Republicans share Newt Gingrich’s approach to immigration, but the GOP still has to work hard to get Latino voters in important swing states in the 2012 presidential elections, according to surveys.

Fox News reports today that their poll shows that “66 percent of the nearly 1,000 people surveyed nationally said there should be a path to citizenship if a person meets requirements such as paying back taxes and learning English. That goes further than Gingrich’s proposal, which just allows people who – in the example he gave – have lived here for 25 or more years to work here legally, but not be on a path to citizenship.”

In mid-November, GOP presidential candidate Newt Gingrich said, “I don’t see how the — the party that says it’s the party of the family is going to adopt an immigration policy which destroys families that have been here a quarter-century. And I’m prepared to take the heat for saying, ‘Let’s be humane in enforcing the law without giving them citizenship, but by finding a way to create legality so that they are not separated from their families.’”

The Fox poll adds that “regardless of political party affiliation, most respondents supported a path to legalization.”

Fox also shows that 26 percent of Republicans “want the deportation of all undocumented immigrants,” but “the percentage that did was dramatically smaller than those favoring giving a break to immigrants who meet certain criteria.”

Latino Decisions writes today: “The greatest cliché in politics today as it relates to Latinos is the notion that Latinos are Republicans; they just don’t know it yet,” adding that “whether or not the GOP wants to commit to representing the fastest-growing segment of the population by appealing to their interests is still an open question, but the research has shown that Latinos will respond if Republicans reach out to them.”

Latino Decisions asked those it surveyed whether a vice-presidential run by Sen. Marco Rubio, R-Fla., would “have any effect on their likelihood of voting Republican.” Poll results showed that 26 percent of independents and 30 percent of Hispanics between the age of 18 and 35″are more likely to vote Republican” with Rubio on the ticket.

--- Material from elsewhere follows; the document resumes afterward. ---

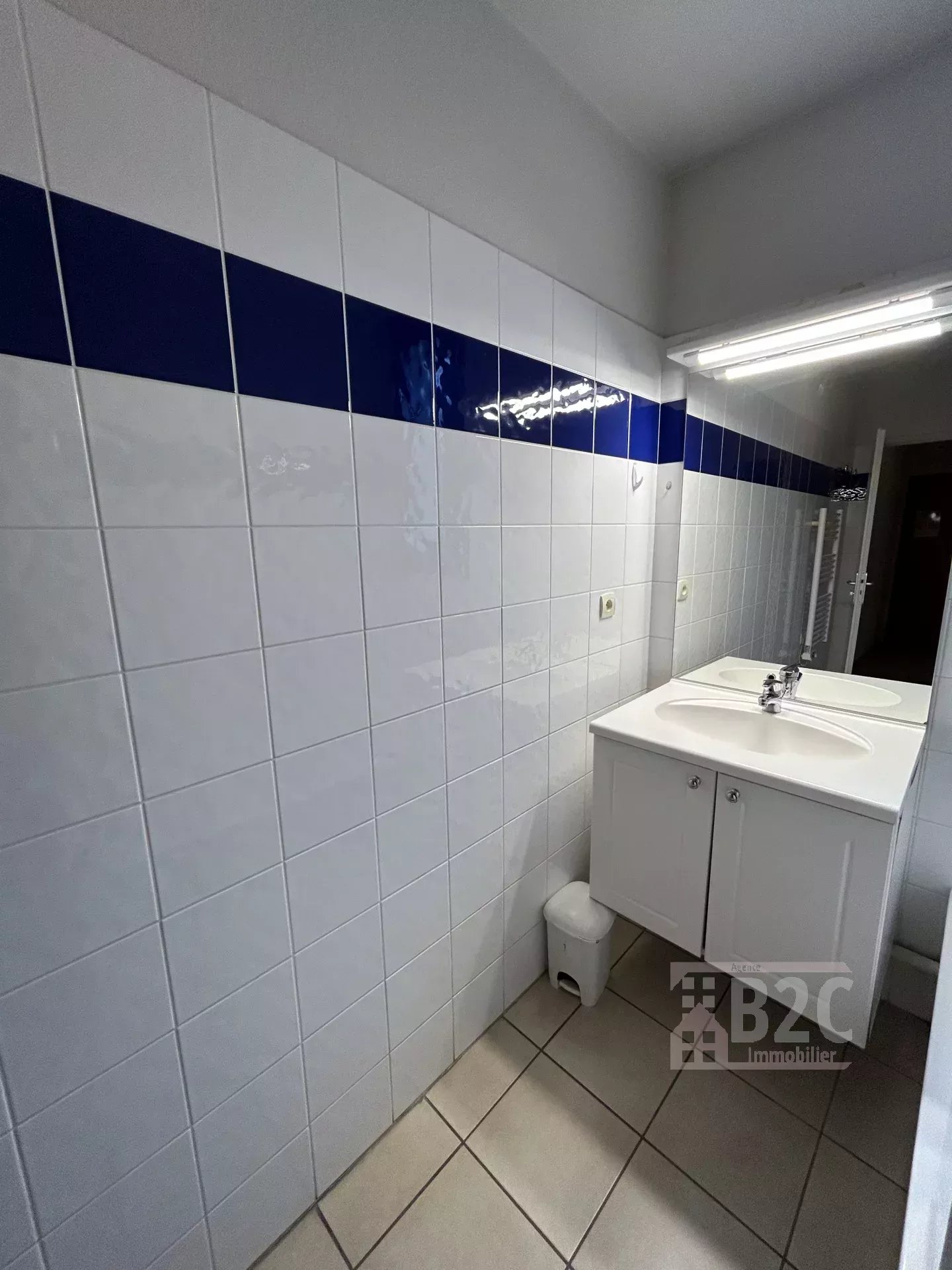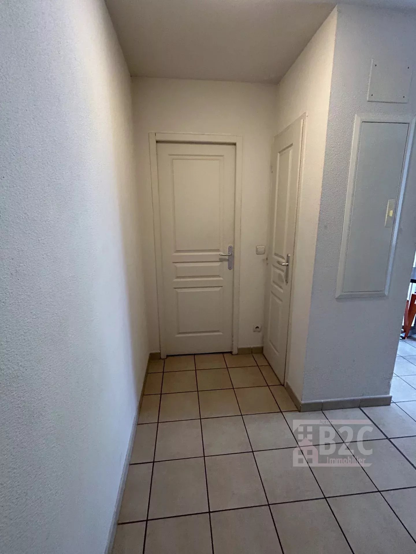 Il se compose d'une entrée (avec placard), un séjour (avec table, chaises, canapé convertible, bureau), une cuisine aménagée et équipée (plaques de cuisson, frigo, microonde à four), une chambre (placard aménagé) et une salle de bain (baignoire et meuble vasque).

Rubio said in mid-November he will not consider a vice-presidential run, adding that legal and illegal immigration remains a problem that needs to be confronted. He added that the Republican Party “should be the pro-legal immigration party,” saying it’s time for GOP candidates to start talking about “what are we for” and about “how we modernize our legal immigration system.”

The Los Angeles Times asks today:

Does Rubio really hold the Republican Party’s key to millions of Latino voters in swing states? Outside Florida, many Latinos don’t even know who he is yet. And the evidence suggests that, once they do, Rubio will have an uphill climb despite his Hispanic name.

The Times adds that “many of Rubio’s home-state voters, who know him best, appear to view him as a Tea Party conservative who happens to be Latino, rather than the other way around,” and he is a “Cuban American, which makes him a minority among the nation’s Latinos, most of whom are Mexican American. (Only about 4% of U.S. Latinos are of Cuban ancestry.)”

The conservative Hispanic Leadership Network and Resurgent Republic (a conservative survey and focus group organization) conducted 1,200 interviews with Hispanic voters in Florida, Colorado, and New Mexico in September.

The resurgent Republic wrote that to “remain competitive” in 2012, “Republicans do not need to win a majority of Hispanics nationwide, or within these states,” adding that, “despite the clear opportunities for Republicans among Hispanic voters in these three states, Republican positions on immigration reform continue to be at odds with the overwhelming majority of Hispanic voters.”